- Episode no.: Season 1 Episode 10
- Directed by: Clark Mathis
- Written by: Akela Cooper; Spiro Skentzos;
- Cinematography by: Cort Fey
- Editing by: Jacque Toberen
- Production code: 110
- Original air date: February 3, 2012
- Running time: 42 minutes

Guest appearances
- Valerie Cruz as Levine; Sharon Sachs as Dr. Harper; Daryl Sabara as Hanson; Hannah Marks as Gracie;

Episode chronology
| ← Previous "Of Mouse and Man" | Next → "Tarantella" |
- Grimm season 1

= Organ Grinder (Grimm) =

"Organ Grinder" is the 10th episode of the supernatural drama television series Grimm of season 1, which premiered on February 3, 2012, on NBC. The episode was written by story editors Akela Cooper and Spiro Skentzos, and was directed by Clark Mathis.

==Plot==
Opening quote: "We shall see the crumbs of bread... and they will show us our way home again."

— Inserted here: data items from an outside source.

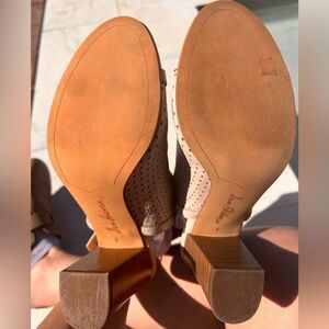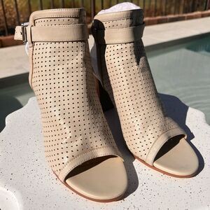 Sam Edelman Emmie Gray Nude Perforated Leather Heeled Sandal Open Toe Size 8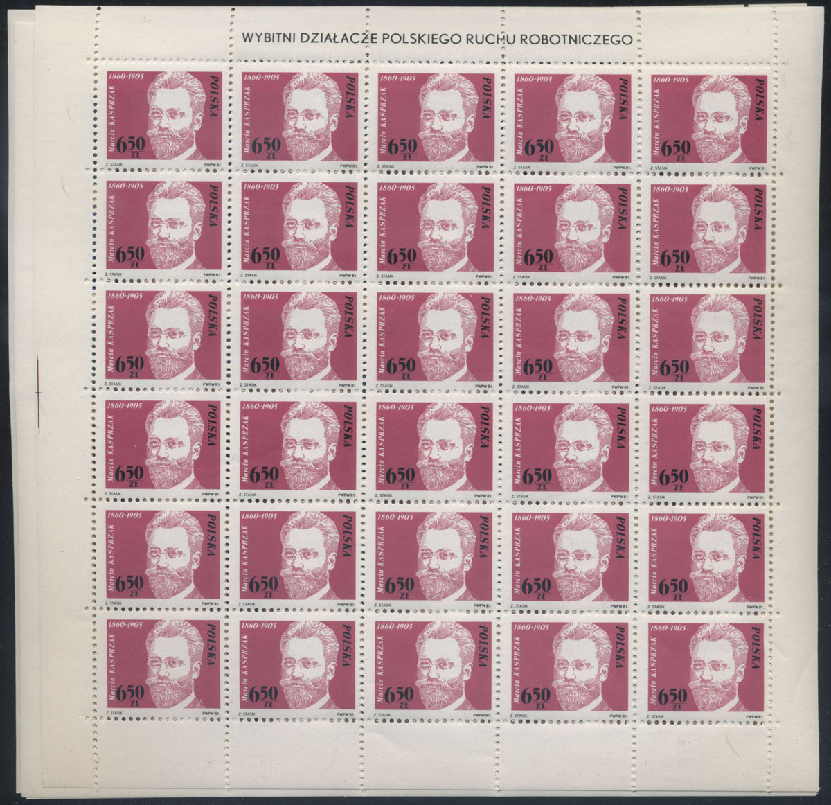 1981 działacze polskiego ruchu robotniczego, seria w arkuszach sprzedażnych. | Fi.2624-7 ark. Mi.2772-5 |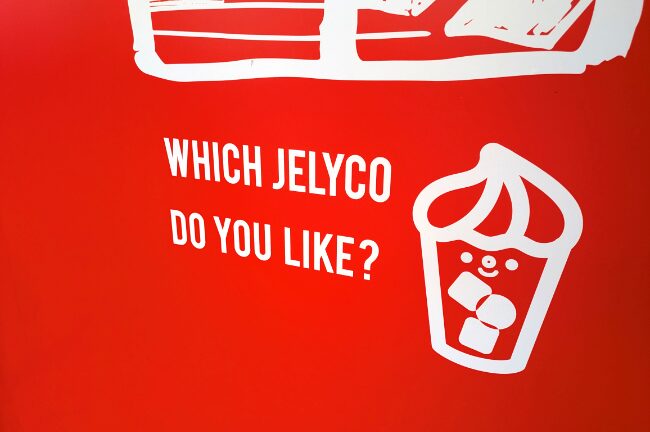 それぞれの飲み物に対応した味のジェリーがどれも美味しそう。ま、迷うよ。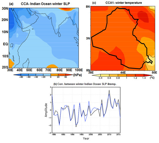 Potential connections between the Indian Ocean SLP and Iraq winter temperature are investigated through CCA between these two fields, extending over the 1979–2016 period. The SLP map of the first CCA pair, explaining 13.13% of the total variance, is largely dominated by negative anomalies over the Indian Ocean (Figure 6a). The corresponding Iraq temperature map, explaining 62.17% of the total variance, has a positive monopolar structure over Iraq (Figure 6c). The associated time components, which show an increasing trend, are correlated at the 0.91 level (Figure 6b).
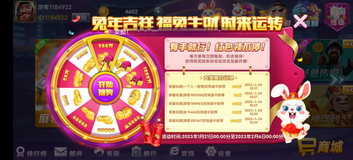 活动:1.21-2.6可以玩转盘免费领彩金,下分比例问客服吧
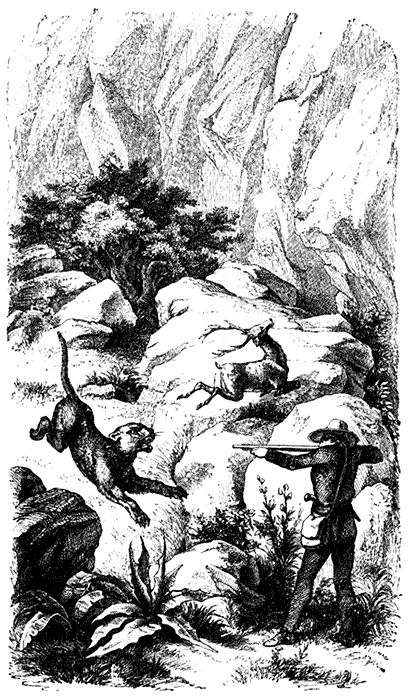 It was one of those mild southern spring nights when man feels beneath the star-enamelled vault of heaven that he is nowhere better in health or stronger than in the open air. The odour of the flowers had sunk upon the earth with the motionless air, and the glistening insect world sparkled and flashed like streams of diamonds from the dark shade of the evergreen shiny foliage. Lying round our small camp-fire, we were soon lulled to sleep by the feathered songsters of the night, among which the mocking-bird appealing to its mate was the most remarkable, and we negligently allowed the last flames to die out; but at a late hour we were startled by the roar of a jaguar close to us, and on awaking we recognised the sound of flying horses. We ran to our cattle, and only found Czar and John's mare, snorting and dragging at their bonds, while the Indian's horse and Lasar's mule had bolted, and we heard Trusty barking down the glen. We quickly blew up our fire, and threw fresh wood on it; but the damage was done, and we might reckon with certainty on the loss of one if not both beasts. We spent the rest of the night on the watch, and just as day dawned, and we had breakfasted I rode accompanied by Trusty, down the glen, while John and the Indian proceeded to the mountains in search of our fugitives. Only Lasar remained in camp, as walking through the grass was too fatiguing for him. I followed the foot of the hills, along which ran a stream overshadowed by yuccas, tree-like aloes, gigantic cactuses, palms and mimosas, and had ridden about four miles, following the tracking dog, when the latter showed me on the clayey bank on which no grass grew the hoofmarks of our mule and the imprints of a jaguar running down to the stream. Not long after, on riding round a projecting clump of shrubs, I noticed in the grass Lasar's mule, and upon it an enormous jaguar, which appeared to be asleep, as its golden-spotted body lay stretched out and motionless. I led Czar back into the bushes, and then crept down the stream nearer to the beast of prey, until I concealed myself within shot in a tuft of old mimosa trees, from which I could survey it. Laying my rifle on a low branch, I aimed at the centre of the brute's back, which was turned toward me, as its head rested on the mule. I fired, the jaguar sprang up, but fell on its side immediately, and while uttering an awful roar, looked about the valley in search of its assailant. It was unable to rise on its hind-legs, and strove to drag itself on its forepaws to the adjacent water. I had reloaded in the meantime, and stepped out of my hiding-place on to the grass plot. The jaguar now saw me, its fury increased with every step I took, and dragging itself toward me it made the hills ring with its savage roars. I walked pretty nearly up to it, and put an end to its life with a bullet through the head; then I went to Lasar's mule, whose belly was slit up, and one of its legs devoured. The jaguar must have caught it up while running, for on its croup I found numerous wounds where the beast had buried its claws.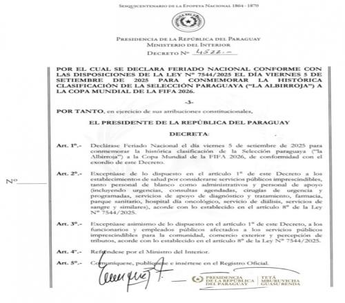巴拉圭總統(tǒng)簽署的放假法令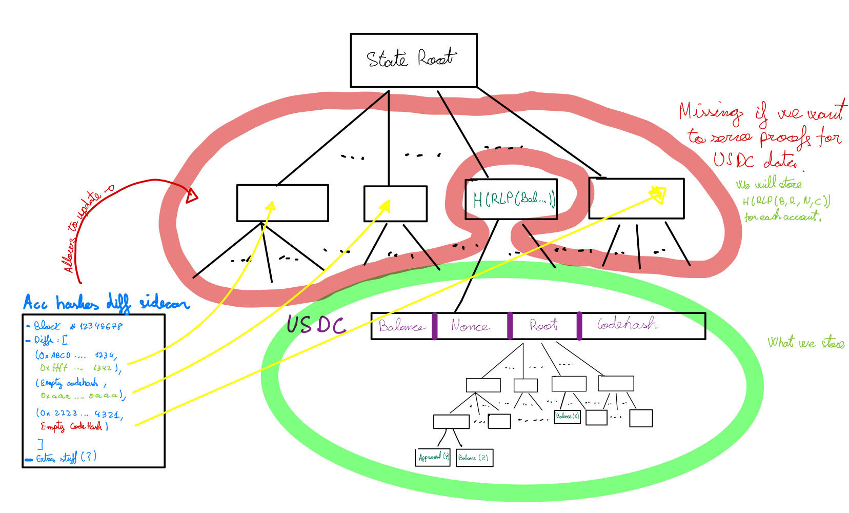 accountHashforUSDC(which embeds itsstorageRoot) to connect that proof to the account layer. - Re-hash upward to the verified global state root derived from sidecar updates.

In a forest, two teenagers, Steven (Donald Fisher) and Kevin (James Maxey), are running from Wesen. Steven falls into a river and drowns, and his body is swept downstream and over a waterfall, while Kevin is captured. Monroe (Silas Weir Mitchell) and Nick (David Giuntoli) are talking over dinner. Nick wants to tell Juliette (Bitsie Tulloch) about his Grimm identity; Monroe warns of bad consequences. Nick is called when Steven's body is found, drained of blood and wearing a puka shell necklace. He, Hank (Russell Hornsby) and Sgt. Wu (Reggie Lee) investigate.

Nick and Hank find another youth with the same necklace and locate the sellers, Gracie and Hanson (Hannah Marks and Daryl Sabara). They say they last saw Steve in a clinic with a doctor named Levine (Valerie Cruz). Nick and Hank then attend a car crash, discovering the car contained blood, kidneys and livers. Nick sees that the driver is a Wesen, a Geier, before the driver dies. The DNA from the blood matches Steven's, while that from the organs does not; they suspect the organs are from other street kids.

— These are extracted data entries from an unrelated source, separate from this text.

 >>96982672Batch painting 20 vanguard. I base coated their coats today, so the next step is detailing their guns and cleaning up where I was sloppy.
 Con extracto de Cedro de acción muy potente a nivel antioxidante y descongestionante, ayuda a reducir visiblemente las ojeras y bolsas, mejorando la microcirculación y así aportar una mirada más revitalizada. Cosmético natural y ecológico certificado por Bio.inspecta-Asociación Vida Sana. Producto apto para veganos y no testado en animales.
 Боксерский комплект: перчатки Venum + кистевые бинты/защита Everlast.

Monroe affirms to Nick that the Geiers are responsible, as they harvest organs to turn into medicines. Monroe visits a tea shop that sells such medicines, providing Nick with the proof he needs. Nick then visits the shop. The owner, Freddy Calvert (Randy Schulman), a Fuchsbau, flees but Nick follows him and forces him reveal the source of the organs. Nick, Hank and Captain Renard (Sasha Roiz), go to a trailer in the forest. The occupant opens fire and is shot dead by police. Nick checks the man's phone and discovers the clinic is involved in the organ harvesting.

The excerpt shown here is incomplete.